A term sheet outlines everyone’s intent for a deal. It is typically provided by the angel with help from their attorney. For this article I worked with angel investor Katherine O’Neill and attorneys, Ben Straughan, Partner, and Jim Carroll, Counsel, for the Perkins Coie Emerging Companies & Venture Capital practice. They also shared their insights in a recent Angel Capital Association webinar, The Key Points of Term Sheets.

A well written term sheet is critical because it leads to a great contract and creates investor-entrepreneur alignment needed for a positive relationship because it delivers the returns everyone wants, assuming the company is successful. O’Neill, executive director of Jumpstart New Jersey Angel Network, underscores this point: “This is the time you have the greatest opportunity to really control the main factors that allow you to make a good exit.”

So what deal terms are most important to angel investors?  Tapping their years of experience, Carroll and Straughan suggest five critical terms for a series seed preferred investment (otherwise known as a priced angel round):

Pricing: This represents the value of the company and helps determine how much of the company you will own. It is important to get the valuation of the company right in the beginning, which can be an art with startups and early-stage companies with few assets and short track records to build on.
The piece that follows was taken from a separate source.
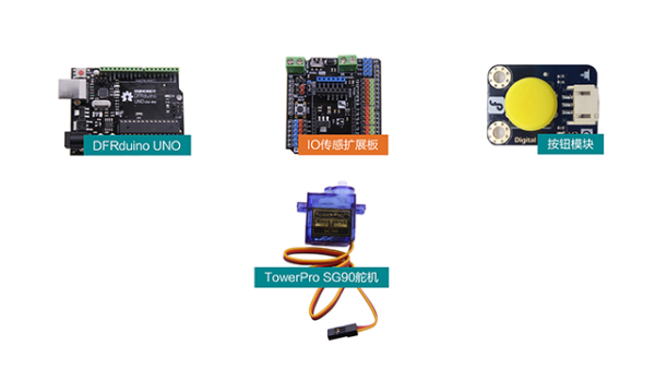 Arduino UNO板、IO扩展板、SG90舵机、按键

Participation Rights: These define an angel’s right to invest in future funding rounds, often providing the angel with a better chance of a good return. “Angels should focus on participation rights,” Straughan said. “It allows you to double down by continuing your right to invest in future rounds.”
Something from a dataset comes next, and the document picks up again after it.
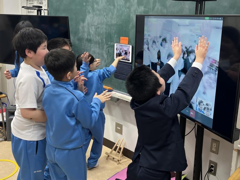 朝日小学校とビデオ通話で繋がると、お互いに目をキラキラさせて手を振り合っていました。子どもたちからは、たくさんの笑顔や「またしたいね!」と声を掛け合うなどの素敵な姿が見られました!
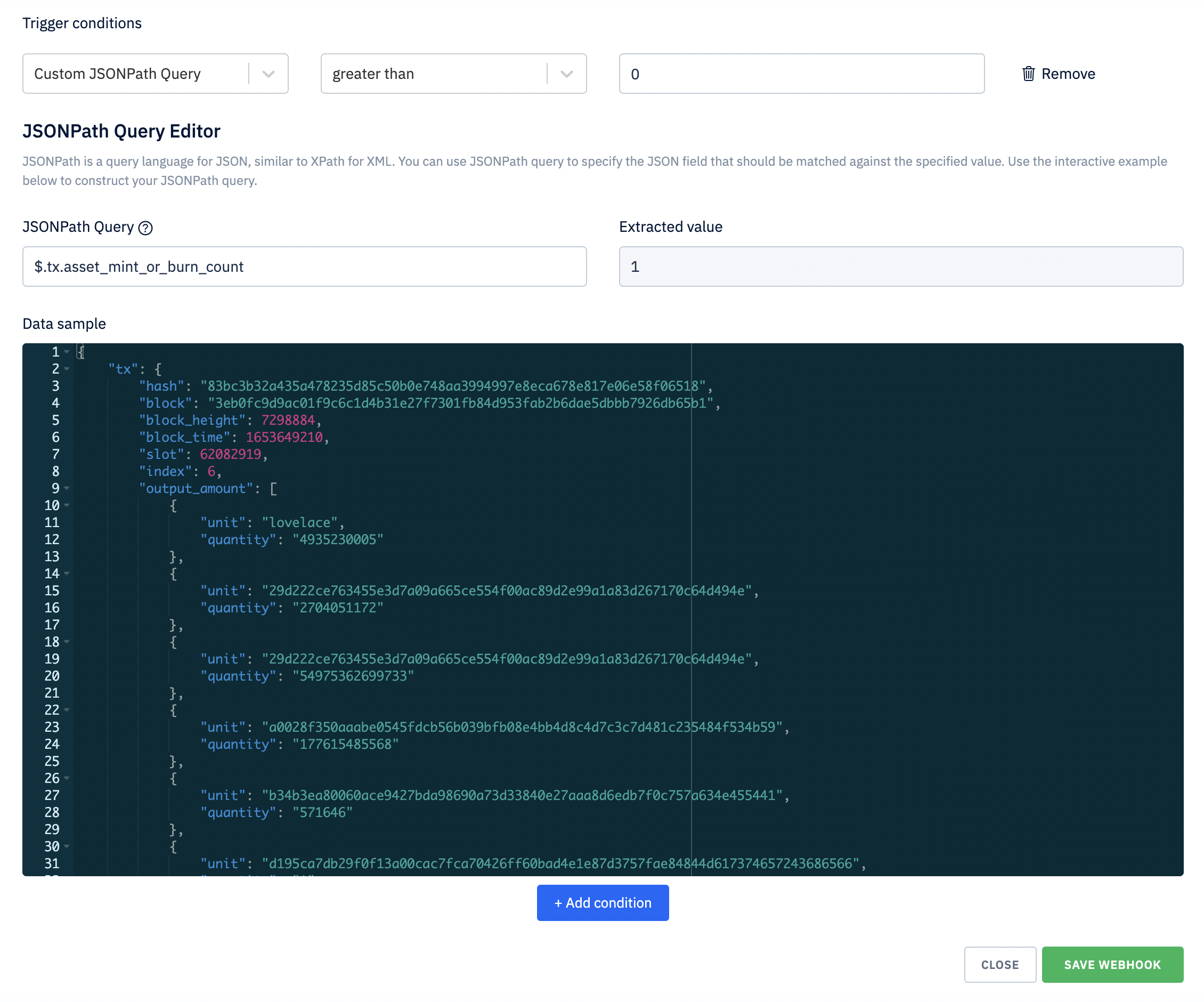 Optionally, you can create up to 5 trigger conditions for a webhook. Only events that meet all of the conditions will be sent to your endpoint. A condition rule consist of a field, a value, and an operator. You can choose from predefined condition fields or create a custom JSONPath query extracting the field you want to match.

Board and Information Rights: These rights outline whether you (or someone from the investing organization) will be on the board of directors or be an observer at company board meetings. They also determine the information you will receive from the company and how often you will receive it. For example by explicitly asking for quarterly financial statements and annual budgets, everyone can keep their eye on the ball on the status of the business while ensuring the company doesn’t have onerous requirements (because these are documents that a company needs to produce anyway).  Related to these, I like the idea of shareholders having the right to vote or at least have veto rights on key strategic issues such as selling or liquidating the company or developing entirely new lines of business.
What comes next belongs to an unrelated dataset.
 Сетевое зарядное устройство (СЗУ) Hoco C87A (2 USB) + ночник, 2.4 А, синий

Liquidation Preference: If the company is sold, these preferences define what preferred shareholders are paid e.g.  X times the original purchase price before any other assets are paid common stockholders. 1X liquidation is normal for angels.

Redemption Rights: These rights can help angels to achieve liquidity by selling their shares back to the company if management wants to continue running the company but investors want out.

Although these five components provide an excellent guideline for what to prioritize, term sheets can quickly get more complex, and most include many other terms which are also important.

Most experts recommend that angels start with a standard term sheet to help simplify the process and to reduce legal fees.  I’ve provided sample term sheet examples in this article and there are a wealth of other online resources.  These are a few of my favorites:

Term sheets are critical and that is exactly why they can sometimes be overwhelming. Beyond these resources I always recommend talking to other angels and learning about new approaches, trends and ideas at regional and national angel events. With resources like these there’s no reason to sweat the terms on your own.